Are Volatility XIV ETF Trading Strategies Broken?
Trading the various volatility products such as XIV and VXX is becoming more and more popular with each passing year. Not a day goes by these days that I don’t see an article or two written by a so called financial expert telling people how easy it is to profit from volatility. To hear them tell it, you just buy the XIV when markets are stable, buy the VXX when they aren’t, and you laugh all the way to the bank.
This overly simplistic view of how these products are to be traded may get a lot of page views and get people excited about the prospects of profiting from a new method of trading, but it glosses over one very important fact.
Volatility trading is extremely complicated and the vast majority of people who trade these products will lose money doing so. I don’t just mean inexperienced traders either. I have competitors in the volatility space who have seen their accounts blow up in recent years, retreating in value back to levels previously reached three to four years ago. As they have learned the hard way, one bad year can erase several years of gains.
First of all I have to say that I have a lot of respect for the great work being done over at Volatility Made Simple. I’ve referenced and linked his business several times over the years simply because there are few people in the volatility space that have such a thorough understanding of the VIX Futures Term Structure and how these volatility products move around. I’ve talked about many of the same things here but I do feel it’s important to get information from several different sources which is why I will continue to link to my competitors businesses in the future. I especially like how every month he breaks down the performance of all the various strategies the blogosphere has put forward to trade volatility. It becomes clear after reading that there are quite a few different methodologies being implemented by traders around the world. Some strategies perform reasonably well, and others are complete disasters. Very interesting stuff and I recommend my readers check out his blog because there’s some great insight there.
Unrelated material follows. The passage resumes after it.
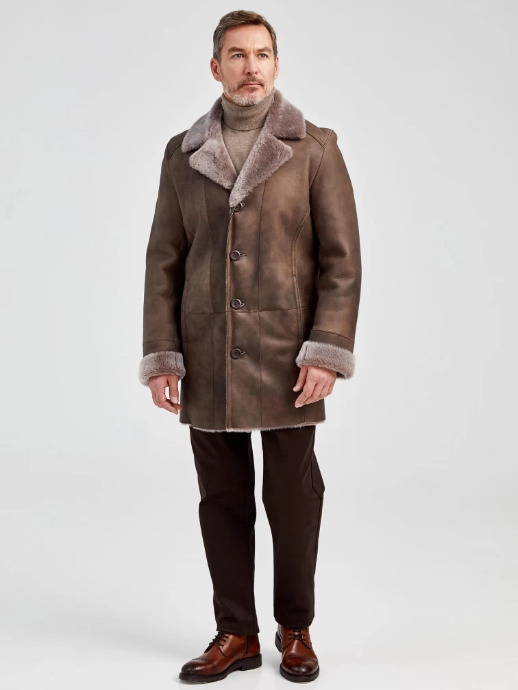 Товар дубленка классическая мужская 412, серо-коричневая, размер 50, артикул 9730 выполнен из овчина "мерино" с застежкой пуговицы. Рассчитан на сезон: осень-зима. Длина изделия 90 см, силуэт прямой.

Let’s take a look at the results for the past four years from Feb 2012 through Feb 2016:
Everybody is a genius in a bull market
As you can see in the chart, our Volatility Trading Strategy, his Volatility Made Simple strategy, as well as the XIV buy & hold all performed well during the very strong bull market phase from early 2012 through mid 2014. During most of that period the VIX futures term structure was in contango and we simply held the XIV and rode it up to relatively easy profit.
But around mid 2014 something happened. Markets stopped cooperating. They didn’t collapse, but they started giving mixed signals. The VIX futures term structure was no longer as easy to read. The spread between the VIX and the VXV narrowed. The Volatility Risk Premium was ambiguous.
As a result, it’s been a bloodbath to say the least. Traders everywhere have been blindsided by this new volatility environment that seems to be breaking all the old rules. It’s left many scratching their heads wondering whether it’s even worth it. As you can see in the chart, even a very seasoned volatility trader from one of the most respected blogs out there had a fairly difficult time staying in positive return territory in the past four years.
This phenomenon of big returns followed by even bigger collapses is something I’ve talked about at length and will continue to do so. Our strategy is conservative in nature, only taking trades roughly 50% of the time. When signals are ambiguous, we remain in cash waiting for more clarity and because of this our results are vastly superior. In strong bull markets it’s certainly possible we may get outperformed by some of our more aggressive competitors. But like death and taxes, something that is a guarantee is markets don’t always go up and they don’t always cooperate.
I hope nobody out there is swayed by impressive bull market gains. If they are, why bother trading complicated volatility products at all? Just buy a leveraged S&P 500 ETF and have fun. The reason we trade volatility products is to design strategies with math based rules that will profit in both bull and bear markets.
We’re in this for the long run. It’s true that markets have not been kind in past 18 months and it’s certainly understandable why so many people are down significantly in that time period, but this is going to happen many times in the coming years. Navigating difficult markets like this current one is our specialty and it’s what separates us from the crowd.